Multivariate Distributions

This SklarPy package contains many different multivariate distributions. Unlike univariate distributions, these are not wrappers of scipy objects (with the exceptions of mvt_normal and mvt_student_t).

All implemented multivariate distributions are able to be fitted to both multivariate numpy and pandas data and contain easy saving and plotting methods.

Which multivariate distributions are implemented?

Currently, the following multivariate distributions are implemented:

Multivariate Distributions

Family

Name

SklarPy Model

Normal Mixture

Normal / Gaussian

mvt_normal

Normal Mixture

Student-T

mvt_student_t

Normal Mixture

Skewed-T

mvt_skewed_t

Normal Mixture

Generalized Hyperbolic

mvt_gh

Normal Mixture

Symmetric Generalized Hyperbolic

mvt_sgh

Normal Mixture

Hyperbolic

mvt_hyperbolic

Normal Mixture

Symmetric Hyperbolic

mvt_shyperbolic

Normal Mixture

Normal-Inverse Gaussian (NIG)

mvt_nig

Normal Mixture

Symmetric Normal-Inverse Gaussian

mvt_snig

Normal Mixture

Marginal Hyperbolic

mvt_mh

Normal Mixture

Symmetric Marginal Hyperbolic

mvt_smh

Numerical

Gaussian KDE

mvt_gaussian_kde

All Normal-Mixture models use the parameterization specified by McNeil, Frey and Embrechts (2005).

PreFitContinuousMultivariate

This is the base class for all multivariate distributions. It implements the following methods and attributes:

  • logpdf (log of the probability density function)

  • pdf (probability density function)

  • cdf (cumulative distribution function)

  • mc_cdf (Monte Carlo approximation of the cumulative distribution function)

  • rvs (random variate generator / sampler)

  • likelihood (likelihood function)

  • loglikelihood (log of the likelihood function)

  • aic (Akaike Information Criterion)

  • bic (Bayesian Information Criterion)

  • marginal_pairplot (pairplot of the marginal distributions)

  • pdf_plot (plot of the probability density function)

  • cdf_plot (plot of the cumulative distribution function)

  • mc_cdf_plot (plot of the Monte Carlo approximation of the cumulative distribution function)

  • num_params (The number of parameters in the distribution)

  • num_scalar_params (The number of scalar values across all parameters in the distribution)

  • fit (fitting the distribution to data)

mc_cdf is a numerical approximation of the cumulative distribution function. This is usually necessary for distributions that do not have a closed form cumulative distribution function, as the numerical integration alternative is computationally expensive.

num_params is the number of parameter objects in the distribution, i.e. a vector / matrix is counted as 1. num_scalar_params counts the number of unique scalar values across all parameter objects.
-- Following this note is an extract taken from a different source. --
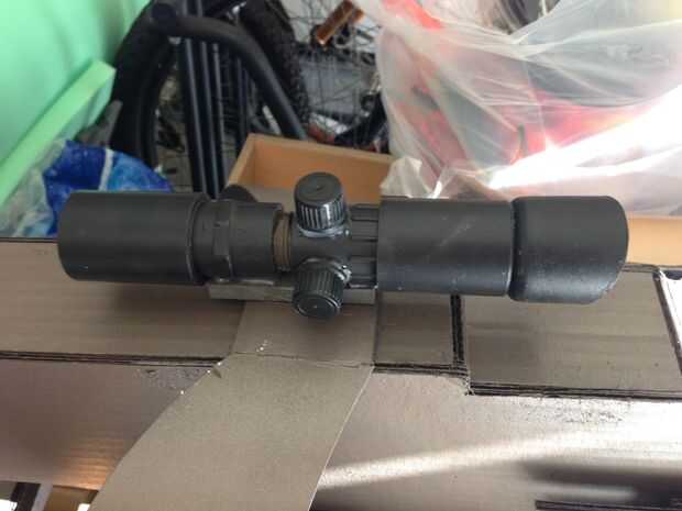 Usé mi tubo de PVC y algunos accesorios para crear un ámbito para el blaster. Uno de los extremos acampanado y curvado, así que usé una mano tronzadora para cortar la parte superior una de botella de agua pequeña en un ángulo suave. La tapa del PVC de la pipa y la botella fueron pegadas juntas para lograr los resultados en las fotos. El detalle final era caliente pegar dos tapas de botella de plástico miniatura en la parte superior y una parte de las posibilidades de las perillas de ajuste.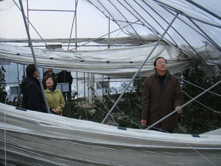 1119园艺学院朱世东院长带领园艺学院和工学院联合组成的专家组,结合国家科技支撑计划项目“蔬菜大棚结构研究与减灾避灾技术示范”,赴“大棚蔬菜之乡”和县开展抗雪减灾避灾科技活动。此次雪灾导致和县部分塑料大棚棚架断裂、棚体坍塌,棚内即将上市的蔬菜受冻,灾情严重。专家组在县农委、科技局等主要部门负责人的陪同下,实地考察了和县蔬菜科技示范园及周边受灾比较严重的地区,积极指导抗雪减灾避灾,开展雪后生产自救和技术指导,同时对支撑计划项目组所研制的新型塑料大棚性能进行进一步测试,与当地科技人员塑料大棚结构标准化研究进行了深入讨论交流,制定了塑料大棚结构优化技术方案,产生良好的社会影响。

Also note that pdf and cdf plots are only implemented for 2-dimensional distributions.

FittedContinuousMultivariate

This class is the fitted version of PreFitContinuousMultivariate’s subclasses. It implements the same methods as PreFitContinuousMultivariate, but does not require params as an argument. It also implements the following additional methods and attributes:

  • params (the fitted parameters)

  • num_variables (the number of variables the distribution is fitted too)

  • fitted_num_data_points (the number of observations used to fit the distribution)
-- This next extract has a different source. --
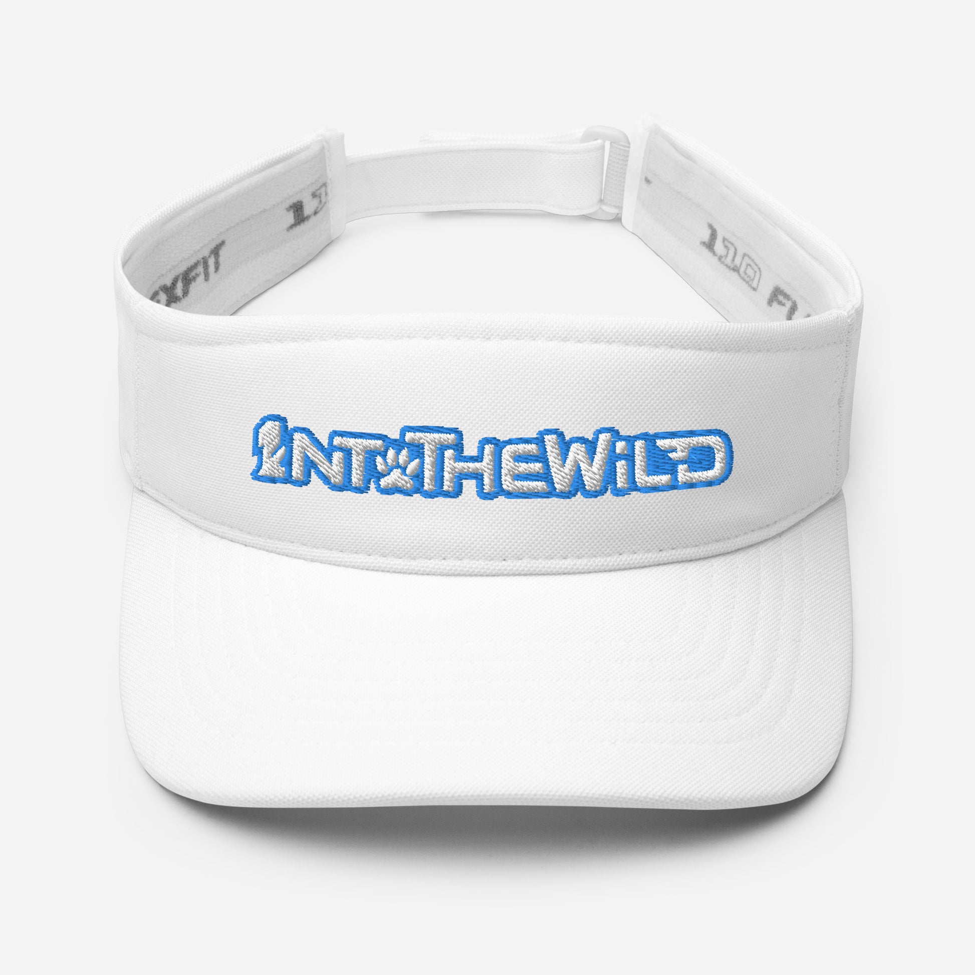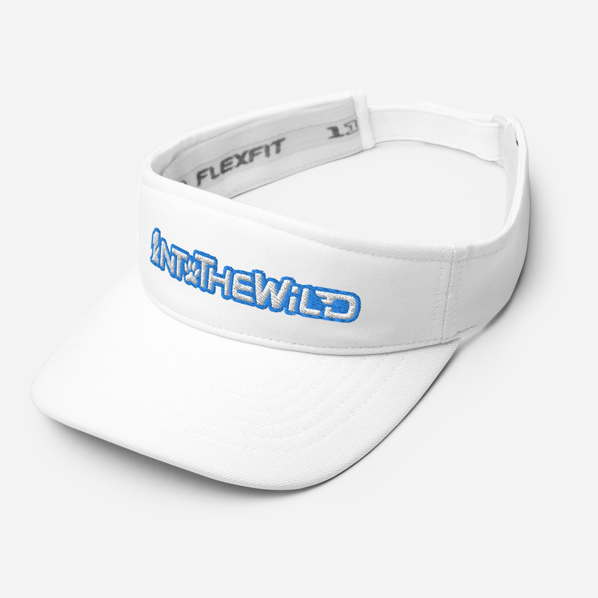 1ntothewild visor with blue and white embroidery.

  • converged (whether the fitting algorithm converged)

  • summary (a summary of the fitted distribution)

  • save (save the fitted distribution object)

Multivariate Example

Here we use the multivariate normal and multivariate symmetric hyperbolic distributions, though all methods and attributes are generalized:

import numpy as np
import pandas as pd
import matplotlib.pyplot as plt

# specifying the parameters of the multivariate normal distribution we are
# sampling from
my_mu: np.ndarray = np.array([33, 44], dtype=float)
my_corr: np.ndarray = np.array([[1, 0.7], [0.7, 1]], dtype=float)
my_sig: np.ndarray = np.array([1.3, 2.5])
my_cov: np.ndarray = np.diag(my_sig) @ my_corr @ np.diag(my_sig)
my_mvn_params: tuple = (my_mu, my_cov)

# generating multivariate random normal variables
from sklarpy.multivariate import mvt_normal

rvs: np.ndarray = mvt_normal.rvs(1000, my_mvn_params)
rvs_df: pd.DataFrame = pd.DataFrame(rvs, columns=['Wife Age', 'Husband Age'],
                                    dtype=float)

# fitting a symmetric hyperbolic dist to our generated data using
# Maximum Likelihood Estimation
from sklarpy.multivariate import mvt_shyperbolic

fitted_msh = mvt_shyperbolic.fit(rvs_df, method='mle', show_progress=True)
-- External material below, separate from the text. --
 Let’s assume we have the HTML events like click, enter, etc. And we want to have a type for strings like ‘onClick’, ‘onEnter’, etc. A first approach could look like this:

# printing our fitted parameters
print(fitted_msh.params.to_dict)
print(fitted_msh.params.cov)
{'chi': 6.817911964473556, 'psi': 10.0, 'loc': array([[32.99012429],
   [43.91822886]]), 'shape': array([[1.72408489, 2.27711492],
   [2.27711492, 6.27443288]])}

[[1.78702958 2.36025021]
[2.36025021 6.50350643]]

Printing a summary of our fit:

print(fitted_msh.summary())
                             summary
Distribution         mvt_shyperbolic
#Variables                         2
#Params                            4
#Scalar Params                     7
Converged                       True
Likelihood                       0.0
Log-Likelihood           -3664.49604
AIC                       7342.99208
BIC                      7377.346367
#Fitted Data Points             1000

Plotting our fitted distribution:

fitted_msh.pdf_plot(show=False)
fitted_msh.mc_cdf_plot(show=False)
fitted_msh.marginal_pairplot(show=False)
plt.show()
Symmetric Hyperbolic PDF Symmetric Hyperbolic PDF Symmetric Hyperbolic PDF

Saving our fitted parameters:

fitted_msh.params.save()

Reloading and fitting to another distribution of the same type:

from sklarpy import load

loaded_msh_params = load('mvt_shyperbolic.pickle')
param_fitted_msh = mvt_shyperbolic.fit(params=loaded_msh_params)